Vitamin B12 und Folsäure: warum die Lücke verdeckt wird

Futures Nutrition Redaktion · 12. August 2026

Vitamin B12 und Folsäure: warum die Lücke verdeckt wird

Vitamin B12 und Folsäure: warum die Lücke verdeckt wird

  1. August 2026

Die kurze Antwort: Die beiden werden zusammen genannt, weil sie im selben Stoffwechselschritt zusammenarbeiten — und weil reichlich Folsäure die auffälligste Spur eines Vitamin-B12-Mangels wieder verschwinden lässt, während die neurologische Seite weiterläuft. Genau dieser Punkt ist der Grund, warum es für Folsäure überhaupt eine Obergrenze gibt: Die EFSA hat sie 2023 erneut auf das Risiko gestützt, dass sich neurologische Symptome bei einem Cobalaminmangel unter Folsäure weiterentwickeln.

Für den Einkauf heißt das nicht „Finger weg von Folsäure". Es heißt: Wer hochdosierte Folsäure nimmt, sollte wissen, wie es um sein Vitamin B12 steht. Beide Vitamine sind billig, beide sind gut verfügbar — nur die Reihenfolge der Fragen ist wichtig.

Ein Enzym, zwei Vitamine

Folat kommt aus dem Blut als 5-Methyltetrahydrofolat (5-MTHF) in der Zelle an.
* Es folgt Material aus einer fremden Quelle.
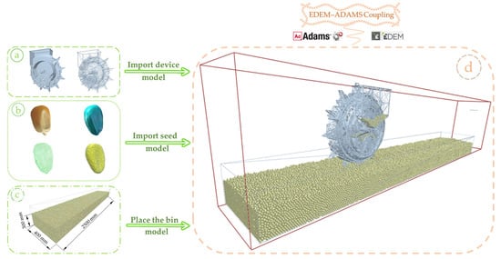 EDEM–ADAMS coupled virtual seeding process. (a) seed rower model; (b) corn seed model; (c) soil particle and trough model; (d) coupling simulation process.
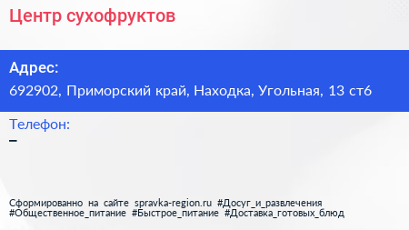Центр сухофруктов по адресу 692902, Приморский край, Находка, Угольная, 13 ст6 в дальнейшем Организация, размещена в следующих категориях:
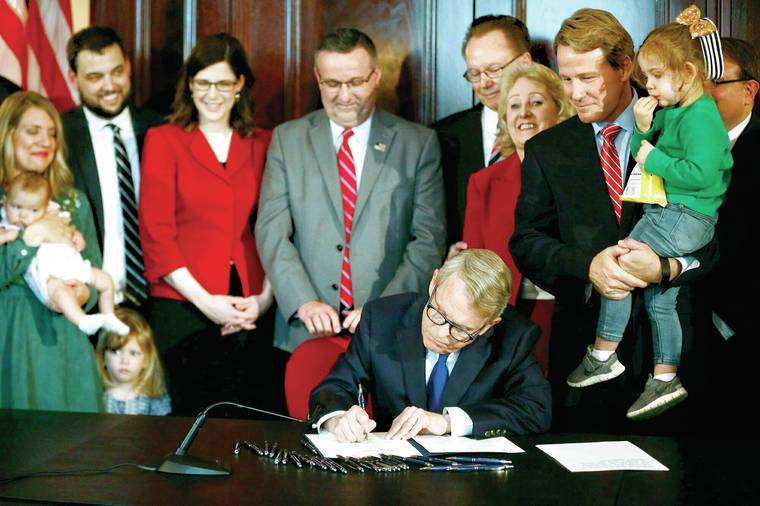 Republican Ohio Gov. Mike DeWine signed the Ohio law in April, after predecessor John Kasich, a fellow Republican, twice vetoed it.

Dort ist es zunächst zu nichts zu gebrauchen: Es wird erst dann in den zellulären Folatpool aufgenommen, wenn es das Enzym Methionin-Synthase passiert hat — und dieses Enzym braucht Vitamin B12 als Cofaktor. Die EFSA beschreibt den Schritt in ihrer Bewertung zur Folsäure-Obergrenze genau so: Die Methylgruppe wird abgenommen und auf Homocystein übertragen, es entsteht Methionin, und das zurückbleibende Tetrahydrofolat steht wieder für die Purin- und Thymidinsynthese zur Verfügung — also für den Bau neuer DNA.

Das Bundesinstitut für Risikobewertung formuliert dieselbe Abhängigkeit von der anderen Seite: Als Coenzym Methylcobalamin unterstützt Vitamin B12 die Remethylierung von Homocystein zu Methionin, und Voraussetzung dafür ist, dass neben B12 auch Vitamin B6 und Folat in ausreichender Menge vorhanden sind. Fehlt B12, steigt Homocystein im Blut an.
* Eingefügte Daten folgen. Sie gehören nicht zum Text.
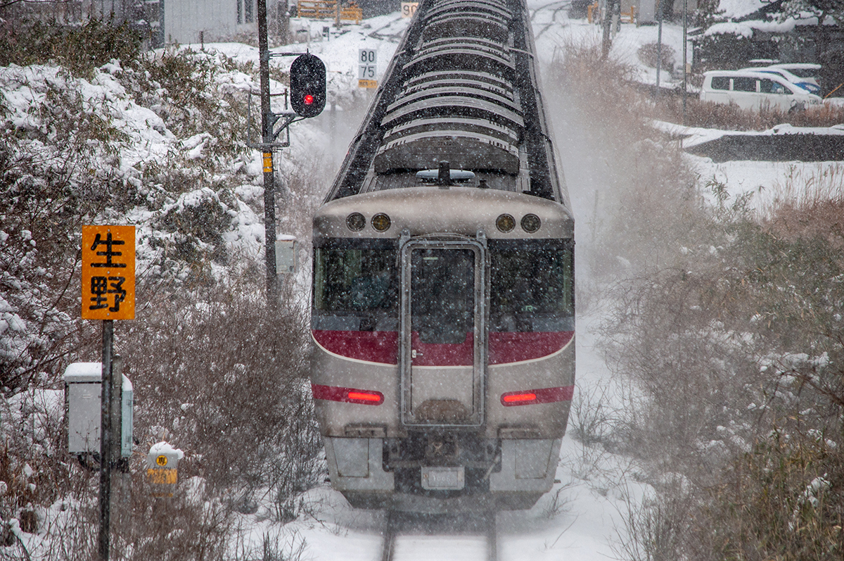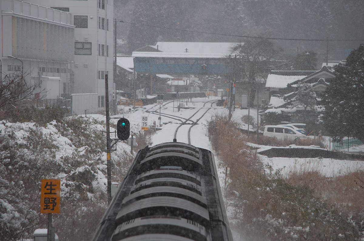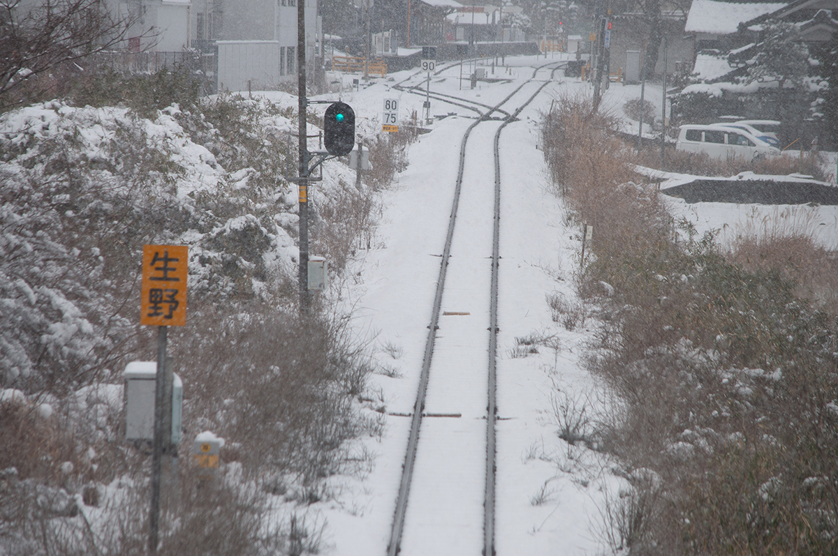 生野駅は、駅を出発したらすぐに新井方面への25パーミルの下り坂になっていて目に見えて急坂であるのが面白い。すぐにトンネルであるため、かつてはこのトンネルから煙を噴き上げながらでてくるC57の写真もよく見られた。

Daraus folgt die Besonderheit, an der sich alles Weitere entscheidet: Fehlt Vitamin B12, steckt das Folat in der Zelle in seiner Methylform fest. Es ist da, es ist im Blut messbar — aber es kommt an der Stelle, an der DNA gebaut wird, nicht an. Ein B12-Mangel erzeugt deshalb im Knochenmark exakt das Bild eines Folatmangels: gestörte Zellteilung in einem Gewebe, das sich ständig teilt, und daraus eine Blutarmut mit auffällig großen roten Blutkörperchen.
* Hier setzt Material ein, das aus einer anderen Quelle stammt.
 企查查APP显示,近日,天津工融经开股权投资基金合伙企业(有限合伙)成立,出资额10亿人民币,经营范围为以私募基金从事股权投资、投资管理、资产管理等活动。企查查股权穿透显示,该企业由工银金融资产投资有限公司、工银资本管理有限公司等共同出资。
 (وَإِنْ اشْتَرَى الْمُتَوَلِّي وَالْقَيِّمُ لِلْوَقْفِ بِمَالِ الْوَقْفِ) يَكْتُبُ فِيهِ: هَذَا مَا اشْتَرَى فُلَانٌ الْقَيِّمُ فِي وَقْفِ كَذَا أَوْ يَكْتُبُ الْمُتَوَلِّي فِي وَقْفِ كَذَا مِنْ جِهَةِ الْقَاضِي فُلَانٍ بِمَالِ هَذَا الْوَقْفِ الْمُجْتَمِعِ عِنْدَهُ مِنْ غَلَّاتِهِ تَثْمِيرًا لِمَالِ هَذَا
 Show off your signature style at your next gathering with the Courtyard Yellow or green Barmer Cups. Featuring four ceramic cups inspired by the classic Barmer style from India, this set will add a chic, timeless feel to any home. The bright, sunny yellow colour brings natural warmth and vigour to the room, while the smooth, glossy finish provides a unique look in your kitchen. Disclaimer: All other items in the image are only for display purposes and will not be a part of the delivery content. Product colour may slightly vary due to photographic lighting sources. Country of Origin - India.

Warum reichlich Folsäure das Blutbild wieder in Ordnung bringt

Wenn man in diese Situation genügend Folsäure hineingibt, wird der blockierte Weg umgangen: Es steht wieder Folat für die DNA-Synthese bereit, die Blutbildung normalisiert sich, das große Blutbild sieht unauffällig aus. Der zweite B12-abhängige Stoffwechselweg wird davon aber nicht berührt — der, bei dem Methylmalonsäure anfällt und dessen Ausfall die neurologischen Auffälligkeiten erklärt. Das ist der Vorgang, der in der Fachliteratur „Maskierung" heißt: Der auffälligste und am leichtesten zu messende Hinweis verschwindet, die Ursache bleibt.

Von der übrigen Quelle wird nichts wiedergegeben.